* [Records contained in a dataset]:
BEGIN

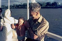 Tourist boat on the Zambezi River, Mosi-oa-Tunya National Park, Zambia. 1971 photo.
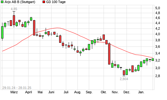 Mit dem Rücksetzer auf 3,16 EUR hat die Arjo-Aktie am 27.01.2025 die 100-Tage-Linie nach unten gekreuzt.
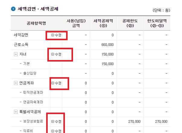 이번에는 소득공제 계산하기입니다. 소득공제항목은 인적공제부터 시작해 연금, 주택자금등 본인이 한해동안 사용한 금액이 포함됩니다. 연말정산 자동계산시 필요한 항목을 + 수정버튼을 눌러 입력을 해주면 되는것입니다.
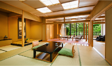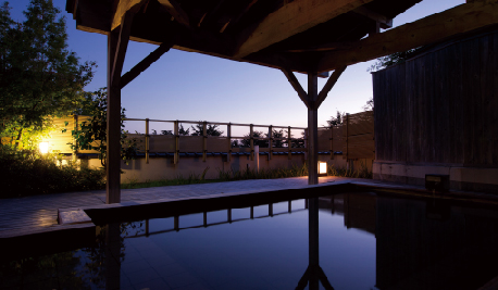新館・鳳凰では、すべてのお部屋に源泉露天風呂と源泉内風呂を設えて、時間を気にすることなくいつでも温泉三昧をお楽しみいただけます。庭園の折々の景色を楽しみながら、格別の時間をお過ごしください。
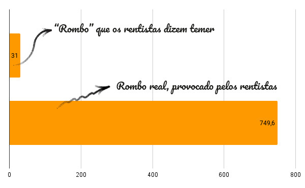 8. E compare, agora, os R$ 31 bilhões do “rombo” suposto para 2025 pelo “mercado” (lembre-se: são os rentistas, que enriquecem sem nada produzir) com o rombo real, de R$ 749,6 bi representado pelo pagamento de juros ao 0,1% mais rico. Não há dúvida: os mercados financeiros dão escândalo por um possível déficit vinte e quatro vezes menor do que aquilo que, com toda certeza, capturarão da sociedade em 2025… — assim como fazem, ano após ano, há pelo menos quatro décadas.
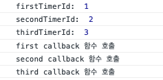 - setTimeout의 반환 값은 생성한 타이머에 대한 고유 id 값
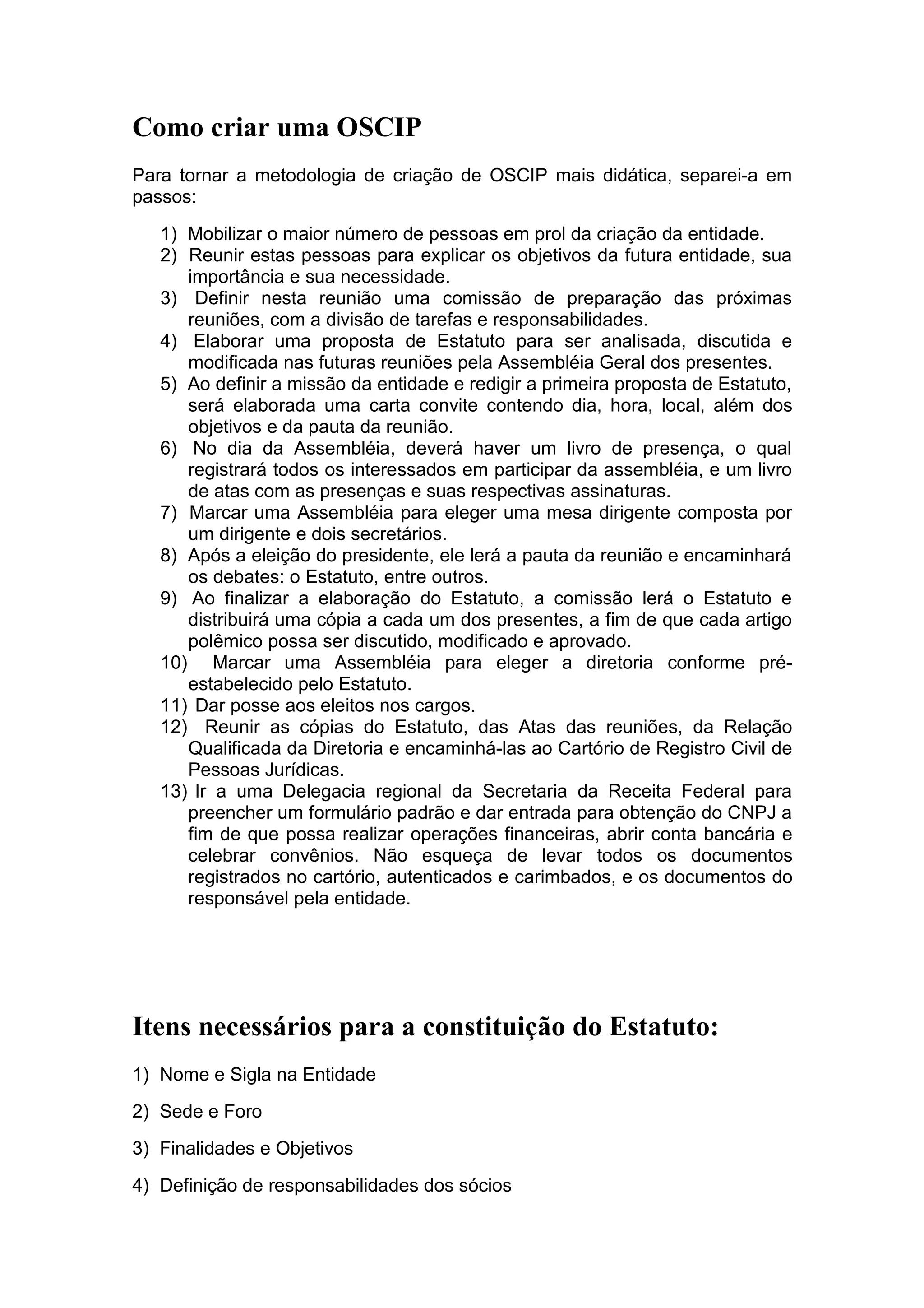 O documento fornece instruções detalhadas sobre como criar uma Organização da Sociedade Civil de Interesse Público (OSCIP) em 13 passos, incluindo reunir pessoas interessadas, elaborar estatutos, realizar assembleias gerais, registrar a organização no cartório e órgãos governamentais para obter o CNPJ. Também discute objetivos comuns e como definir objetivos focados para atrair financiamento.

END

* [EXERCISE BRIEF]:
Your answer should be every line above, written out exactly, with no pictures.

* [YOUR RESPONSE]:
 Tourist boat on the Zambezi River, Mosi-oa-Tunya National Park, Zambia. 1971 photo.
 Mit dem Rücksetzer auf 3,16 EUR hat die Arjo-Aktie am 27.01.2025 die 100-Tage-Linie nach unten gekreuzt.
 이번에는 소득공제 계산하기입니다. 소득공제항목은 인적공제부터 시작해 연금, 주택자금등 본인이 한해동안 사용한 금액이 포함됩니다. 연말정산 자동계산시 필요한 항목을 + 수정버튼을 눌러 입력을 해주면 되는것입니다.
新館・鳳凰では、すべてのお部屋に源泉露天風呂と源泉内風呂を設えて、時間を気にすることなくいつでも温泉三昧をお楽しみいただけます。庭園の折々の景色を楽しみながら、格別の時間をお過ごしください。
 8. E compare, agora, os R$ 31 bilhões do “rombo” suposto para 2025 pelo “mercado” (lembre-se: são os rentistas, que enriquecem sem nada produzir) com o rombo real, de R$ 749,6 bi representado pelo pagamento de juros ao 0,1% mais rico. Não há dúvida: os mercados financeiros dão escândalo por um possível déficit vinte e quatro vezes menor do que aquilo que, com toda certeza, capturarão da sociedade em 2025… — assim como fazem, ano após ano, há pelo menos quatro décadas.
 - setTimeout의 반환 값은 생성한 타이머에 대한 고유 id 값
 O documento fornece instruções detalhadas sobre como criar uma Organização da Sociedade Civil de Interesse Público (OSCIP) em 13 passos, incluindo reunir pessoas interessadas, elaborar estatutos, realizar assembleias gerais, registrar a organização no cartório e órgãos governamentais para obter o CNPJ. Também discute objetivos comuns e como definir objetivos focados para atrair financiamento.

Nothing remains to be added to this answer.